The U.S. Supreme Court deemed Kentucky’s lethal injection protocol constitutional, but that hasn’t stopped prisoners from challenging the nation’s prevailing method of execution

First a Valium is administered to relieve anxiety, and presumably to ensure the impending procedure goes smoothly.

Prison guards then lead the sedated inmate into the execution chamber where he is strapped to a gurney. Once an IV is in place, a series of three drugs is pumped through the line: The first is a short-acting anesthetic. The second is a neuromuscular blocker that causes complete paralysis. The third stops the heart.

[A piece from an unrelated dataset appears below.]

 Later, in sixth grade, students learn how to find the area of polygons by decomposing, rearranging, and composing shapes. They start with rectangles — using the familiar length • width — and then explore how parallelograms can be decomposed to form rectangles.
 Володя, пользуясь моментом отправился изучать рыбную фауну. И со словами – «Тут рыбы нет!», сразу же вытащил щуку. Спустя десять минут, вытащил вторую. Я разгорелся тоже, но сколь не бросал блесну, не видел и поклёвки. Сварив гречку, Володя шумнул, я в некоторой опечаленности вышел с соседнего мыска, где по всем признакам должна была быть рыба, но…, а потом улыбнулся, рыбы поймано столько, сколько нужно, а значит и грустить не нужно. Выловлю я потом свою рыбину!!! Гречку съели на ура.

It is a procedure that attorneys for condemned inmate Gregory Wilson argue is unconstitutional, possibly resulting in their client being “tortured to death.” Specifically, they claim Valium has the potential to interfere with anesthesia, meaning a prisoner might regain consciousness during the execution, yet be unable to communicate any pain as the heart-stopping chemical courses through his veins. Even without the Valium, they argue the lethal cocktail could result in excruciating pain if the anesthetic does not work, a concern that’s compounded by the fact that the executioners administering the drugs are not medical professionals.

Meanwhile, lawyers for the state argue that because the U.S. Supreme Court has already determined Kentucky’s lethal injection method is constitutional, Wilson does not have a case. Besides, even if he did have a potentially valid claim, they argue a one-year statute of limitations bars Wilson — who has been on death row for kidnapping, rape and murder since 1988 — from challenging lethal injection, the state’s primary method of execution since 1998.

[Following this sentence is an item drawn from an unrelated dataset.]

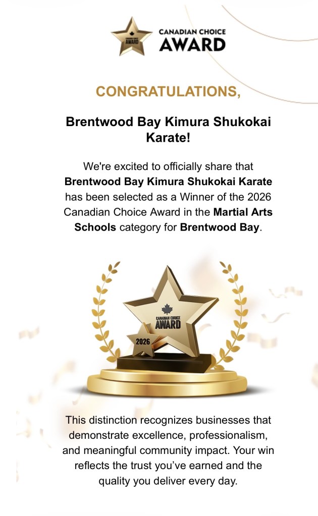 We are proud to announce that Kimura Shukokai Karate – Brentwood Bay has been named a 2026 Canadian Choice Award Winner.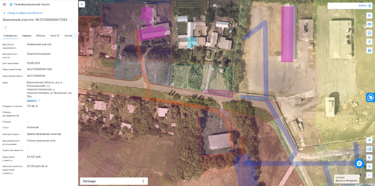 Земельный участок, относится к категории земель: земли населенных пунктов, государственная собственность на который не разграничена, с кадастровым номером 36:27:0000000:7293, площадью 175 кв.м.

Last week, U.S. District Court Judge Karen Caldwell agreed with the state on the latter point, denying Wilson’s challenge because she believes it was brought too late; she did not weigh in on his other claims.

Louisville Public Defender Dan Goyette, the lead lawyer representing Wilson, plans to meet with his client this weekend. “Under the circumstances, I think it’s advisable at this point to proceed with an appeal,” he says.

Assuming Wilson appeals as expected, his case will remain one of four lethal injection challenges currently pending in Kentucky and one of dozens across the United States. In fact, although the Supreme Court upheld the nation’s prevailing method of execution last spring, lethal injection challenges have not subsided, and some observers expect they will continue in full force.

“There is still a large amount of lethal injection litigation going on across the country,” says David Barron, a capital post-conviction attorney with the Kentucky Department of Public Advocacy. “I do not see that it has slowed down by any means, and I don’t envision it will.”

In April of 2008, the nation’s high court denied the claim of Kentucky inmates Ralph Baze and Thomas Bowling, who argued the commonwealth’s three-drug lethal injection protocol violates the Eighth Amendment.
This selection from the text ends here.